**INFORMATION SUPPLIED**
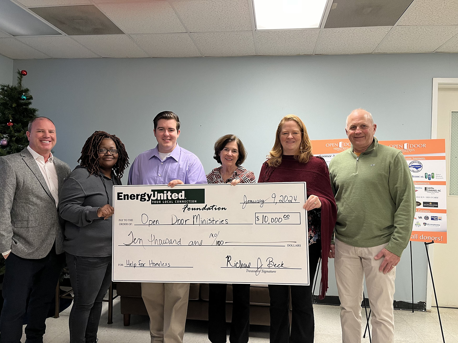 From Left to Right: Ryan Ross, executive director, Open Door Ministries; Zandra Adderly, Member Support Specialist, EnergyUnited; Ivan Huffman, director of advancement, Open Door Ministries; Lore Fariss, co-chair, Open Door Ministries Board of Directors; Debra Citta, program coordinator, EnergyUnited; and Don Shaw, treasurer, Open Door Ministries Board of Directors.
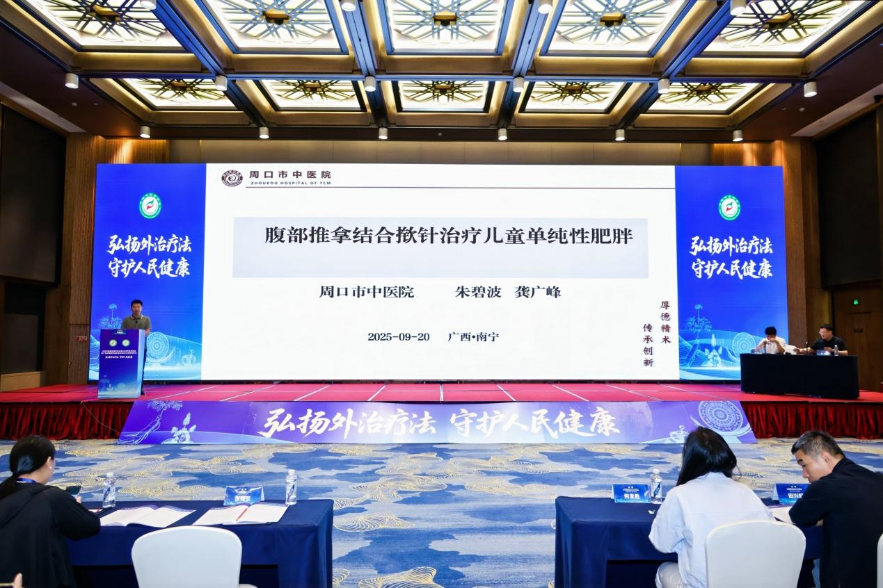 2025年9月19日至9月21日,2025年中国中医药学会外治分会在广西南宁召开,儿童单纯性肥胖作为体重管理领域亟待突破的重点与难点,成为本次会议的议题之一。周口市中医院康复中心主任龚广峰带领其团队成员副主任医师朱碧波参与论坛,并作题为《腹部推拿联合揿针治疗儿童单纯性肥胖》的学术汇报。
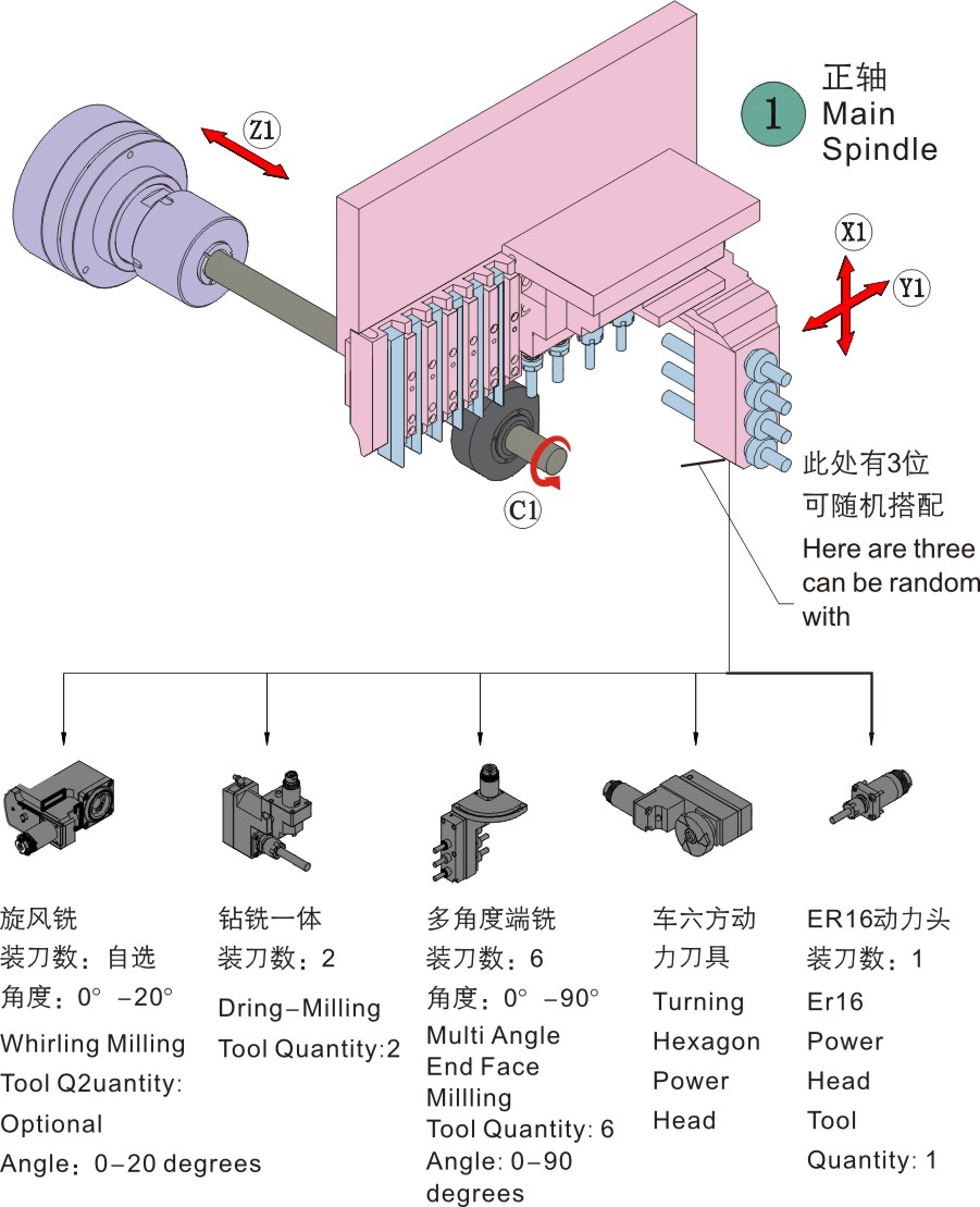 | 主軸側(cè)面動力頭 | 4支 | 2支ER11+2支ER16 | |

**TASK REQUIREMENTS**
Only the lines from the one containing "2025年9月19日至9月2" through the last line of the data belong in the copy, both included and reproduced exactly. Pictures do not.

**EXERCISE RESPONSE**
 2025年9月19日至9月21日,2025年中国中医药学会外治分会在广西南宁召开,儿童单纯性肥胖作为体重管理领域亟待突破的重点与难点,成为本次会议的议题之一。周口市中医院康复中心主任龚广峰带领其团队成员副主任医师朱碧波参与论坛,并作题为《腹部推拿联合揿针治疗儿童单纯性肥胖》的学术汇报。
 | 主軸側(cè)面動力頭 | 4支 | 2支ER11+2支ER16 | |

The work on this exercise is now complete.